Сидоров не замечал, что противоречит сам себе: до этого он приводил вполне здравые убедительные обоснования поведения четы Фельдманов, а теперь утверждал, что тут скрывается мистика и вмешательство высших сил. Но таковы все влюбленные — им всегда кажется, что их встреча с любовью свершение неземное и произошло исключительно по воле самих Небес. Конечно, может быть и так, что они правы, да только все равно чудаками становятся невероятными.

Кошкин так на это и отвечал:

— Мистик ты, Сидоров, как все поэты. К тому же, влюбился и сильно поглупел. Но я тебя все равно уважаю — ты правильный кот. Царь-крысу завалил!.. Слушай, валерьянка есть. Давай по маленькой, а?

— Нет, Кошкин. Запах будет, — отказался Сидоров. — Я хочу, чтоб на тверезую голову все было. Слушай, ты знаешь что — поговори-ка там с Фельдманом о чем-нибудь философском. Он это любит, он интеллигентный.

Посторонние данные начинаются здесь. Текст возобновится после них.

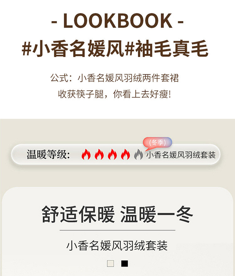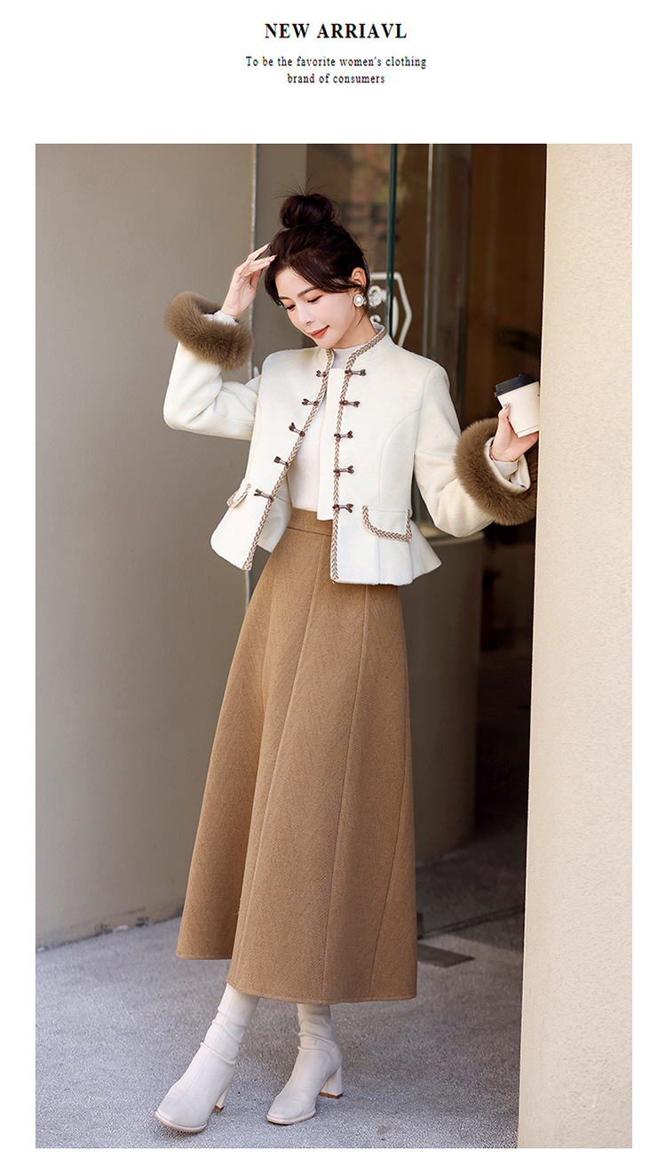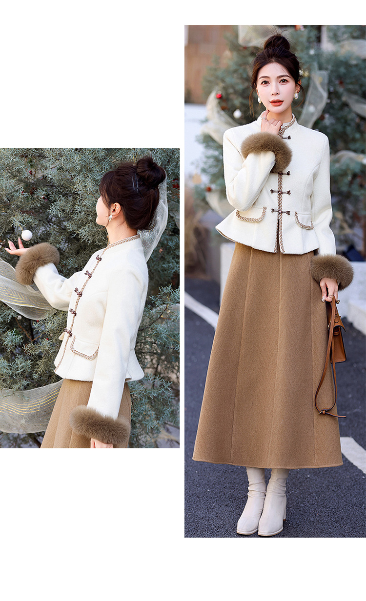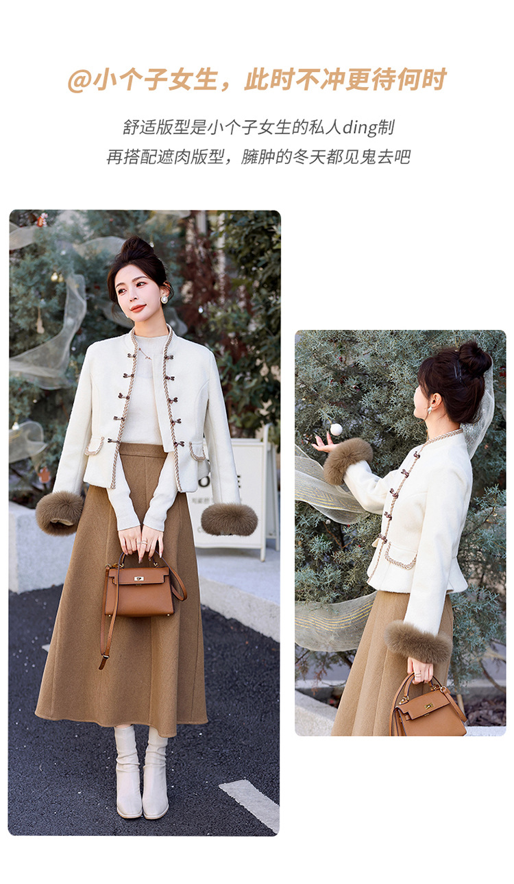 MDLMJY8828 新中式国风羽绒服套装女冬新款毛呢时尚狐狸毛白鸭绒两件套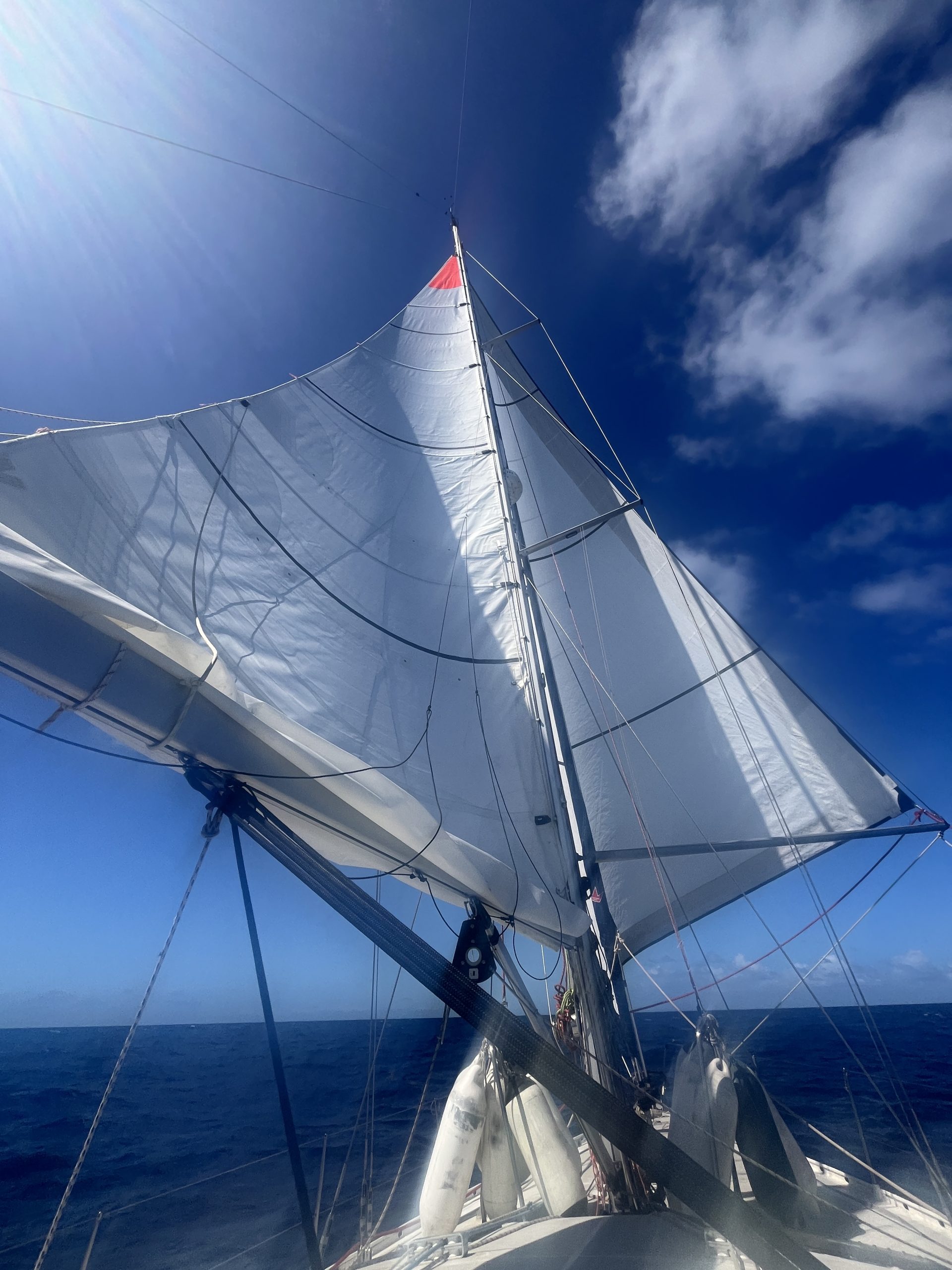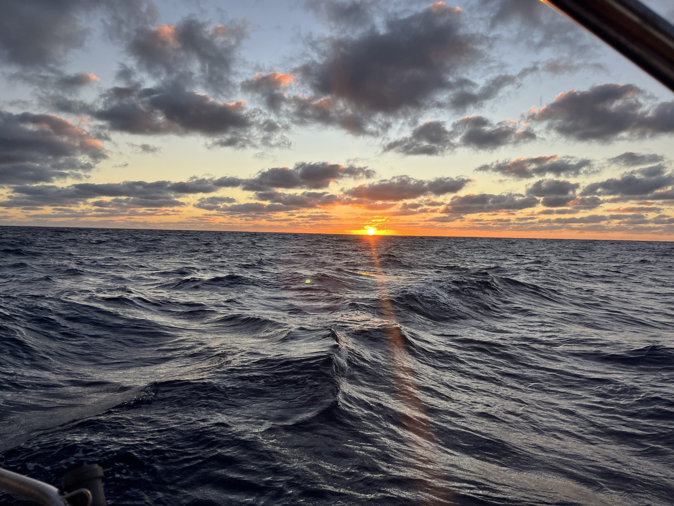 Gestern Abend haben wir wieder nach Nordwest gewendet und beide Segel (Yankee und Groß) auf die Backbordseite gestellt um dem verstärkt auftretenden Seegras des Südens zu entkommen. Naja, als es morgens hell wurde war im Norden noch viel mehr Seegras als im Süden, dafür hatte der Wind deutlich an Stärke abgenommen.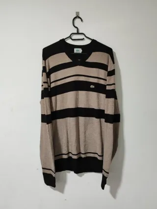 Jersey Lacoste Rayas Beige y Negro Talla L

— А я какой, по-твоему? — обиделся Кошкин. — Я страсть как по философии люблю толковать!

И они понесли своих крыс, отчего и создалась описанная несколько выше картина. При этом, Сидоров нес крысу и думал:

— Ну и пусть, что часто котиться будет — прокормимся. Раз мы с Кошкиным дружим, то можно столовую на бригадный подряд вдвоем взять. На предмет истребления крыс. Ну и, Мурка тоже поможет, если что. А там кормежка хорошая. И ни одна собака уже не сунется — а как же, работники столовой. Все по закону. Прокормимся!

О чем думал в это время Кошкин, сказать трудно, потому что рот его был занят крысой, а мысли Кошкина Сидоров не читал. У клена их процессия распалось — боец Кошкин полез вверх, а боец Сидоров пошел к подъезду Митюковой.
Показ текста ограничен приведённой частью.